Linear Regression using SciKitLearn#

SciKitLearn has a number of linear models available. The purpose of this workshop is not to cover what linear models exist or in what context to use them. Rather, we are covering how to use these models in Python. We will do a simple linear fit using the ordinary least squares method.

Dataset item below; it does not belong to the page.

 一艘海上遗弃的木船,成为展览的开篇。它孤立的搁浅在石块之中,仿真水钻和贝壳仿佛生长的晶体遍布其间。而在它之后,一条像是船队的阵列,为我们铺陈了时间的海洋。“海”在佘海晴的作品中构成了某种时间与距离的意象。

Preparing Data for Fitting with SciKitLearn#

Before we do the fit, we will need to make sure our data is ready. Although this data is clean, we still have some missing NaN values. In the paper, the authors perform a multiple linear regression, meaning that they fit a line based on many variables. We will do this, but we will first fit a simple linear model with one variable.

From our initial exploration with seaborn, we are going to decide to fit log P as a function of MV. SciKitLearn Models are going to require us to pass NumPy arrays to them as data. When we do this fit, it is also necessary to drop any values which are NaN.

Check Your Understanding

Prepare a dataframe which can be used for fitting. One approach to this would be to first slice the dataframe to have only the columns of interest, then to use dropna on the dataframe to drop the uneeded rows. Save your prepared data in a variable called fit_data.

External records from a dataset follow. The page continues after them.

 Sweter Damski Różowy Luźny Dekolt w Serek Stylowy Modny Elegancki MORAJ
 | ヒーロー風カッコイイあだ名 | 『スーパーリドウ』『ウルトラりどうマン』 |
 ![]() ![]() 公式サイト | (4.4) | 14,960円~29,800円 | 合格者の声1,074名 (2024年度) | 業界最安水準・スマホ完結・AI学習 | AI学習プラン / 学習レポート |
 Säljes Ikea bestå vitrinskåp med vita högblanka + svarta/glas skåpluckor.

fit_data = df[["log P", "MV"]]
fit_data = fit_data.dropna(axis=0, how="any")

fit_data.head()
log P MV
0 -6.85 10.6
1 -6.68 21.7
2 -7.08 22.3
3 -6.66 31.9
4 -7.01 33.4

Note

We could have alternatively used the dropna function on the original dataframe with an additional argument of subset which says to only consider our two columns of interest. Then, we would have had a dataframe called fit_data which retained all of the columns, but had a value for every cell in both the log P and MV columns.

fit_data = df.dropna(subset=["log P", "MV"], how="any")

When to use dropna

It is important that when you use dropna on data you intend to fit that this is done at the same time with the argument how=any. This is because it is imperative that the values of X and Y match with one another and are of the same length.

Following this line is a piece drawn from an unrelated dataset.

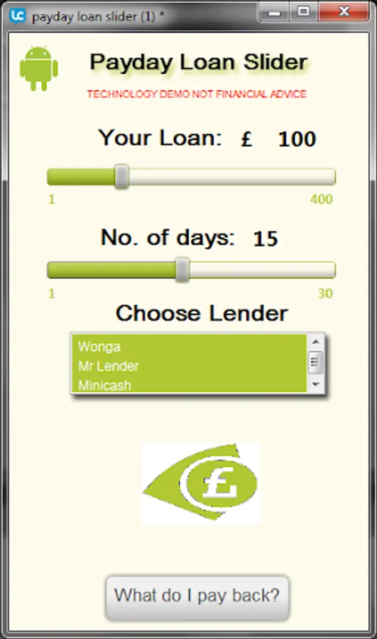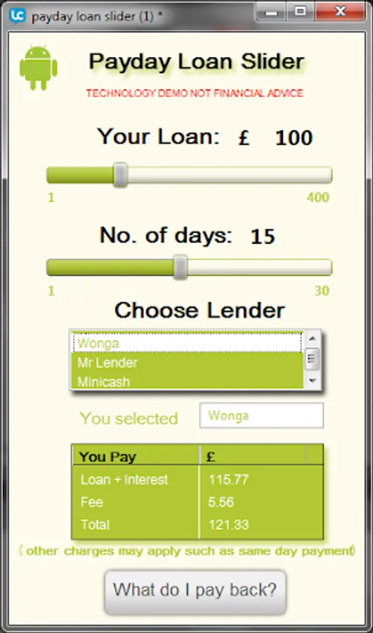 The payday loan slider lets you slide the amount you want to borrow, slide the duration (up to 30 days), select a provider and then click to see what you'd pay bak.
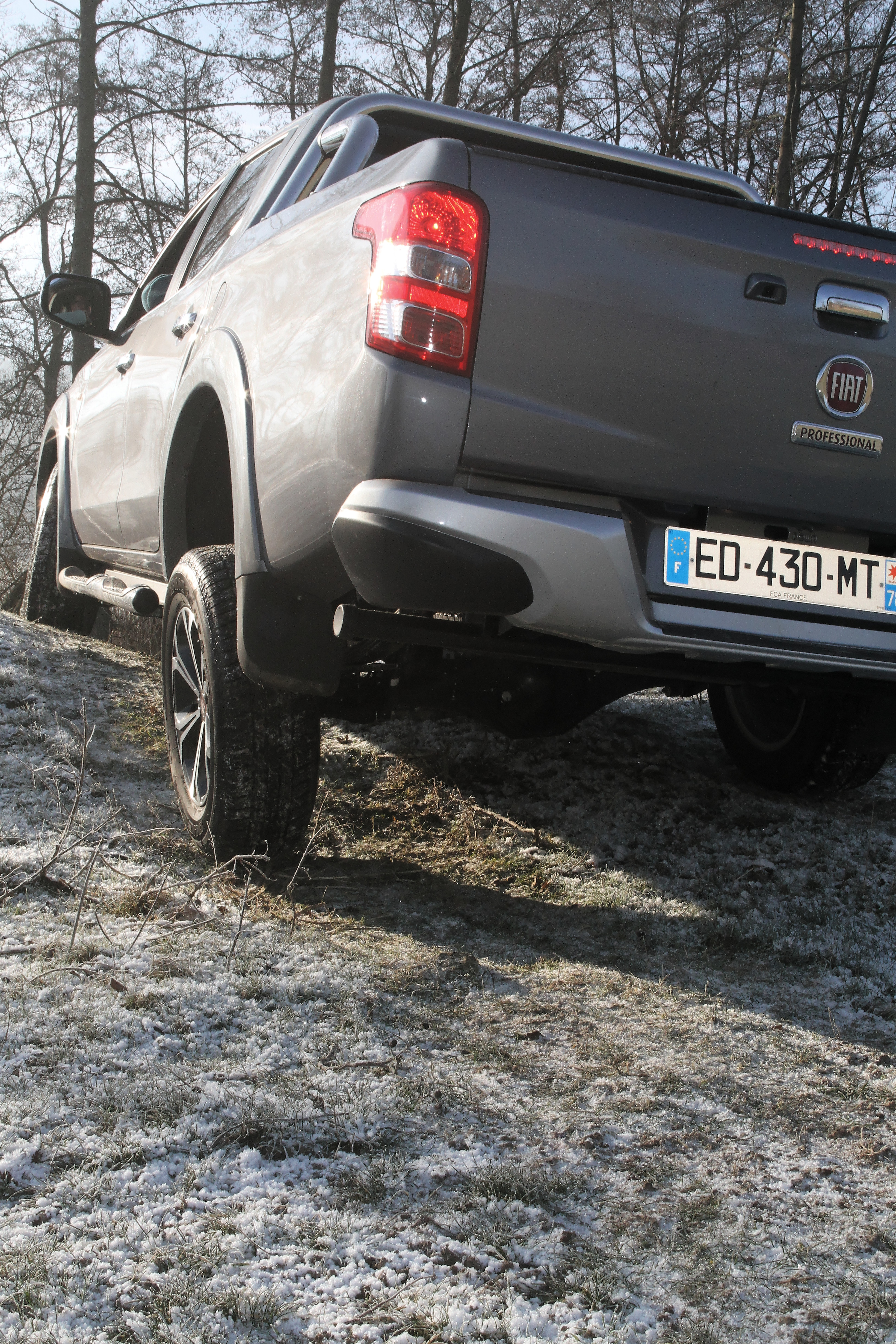 Il est clair que le Fullback ne peut renier ses origines avec le Mitsubishi L200. Copie conforme jusqu’au châssis en échelle, il est plus séduisant par l’adoption d’une nouvelle calandre noire à lames horizontales (chrome et verticales sur le L200) et d’un spoiler percé par une nouvelle prise d’air plus large. Plus large, mais aussi moins épaisse. Elle permet au sabot de protection bi-ton (uni sur le L200) de monter plus haut et de repousser les nouveaux antibrouillards aux extrémités. Si durant notre essai les passants étaient nombreux à se retourner sur notre passage, les regards étaient souvent suivis de commentaires : “Tiens, Fiat fabrique des Pick-up ?“C’est une Mitsubishi à la base ? “Il est beau !” Et c’est vrai qu’il est beau ce Fullback. Aussi imposant soit-il, sa ligne légèrement plongeante marquée d’une large virgule, qui sépare l’habitacle de la benne de chargement, lui donne une identité propre. De plus les élargisseurs d’ailes abritent de belles jantes aluminium de 17″. Pour le reste, on notera la présence d’un arceau, de marches pieds chromés et du monogramme “Fullback” apposé sur la malle arrière.

X = fit_data["MV"].to_numpy()
Y = fit_data["log P"].to_numpy()

SciKitLearn Models#

Now that we have prepared our X and Y variables, let’s see how we would do a fit using scikitlearn.

Typically when doing fitting with scikitlearn, the first thing you will do is to import the type of model you want to use. In our case, we are importing a LinearRegression model. This type of model performs ordinary least squares fitting. You will first import the model, then you will create a model object. After creation, you will give data to the model and tell it to perform a fit. Your model can then be used to make predictions.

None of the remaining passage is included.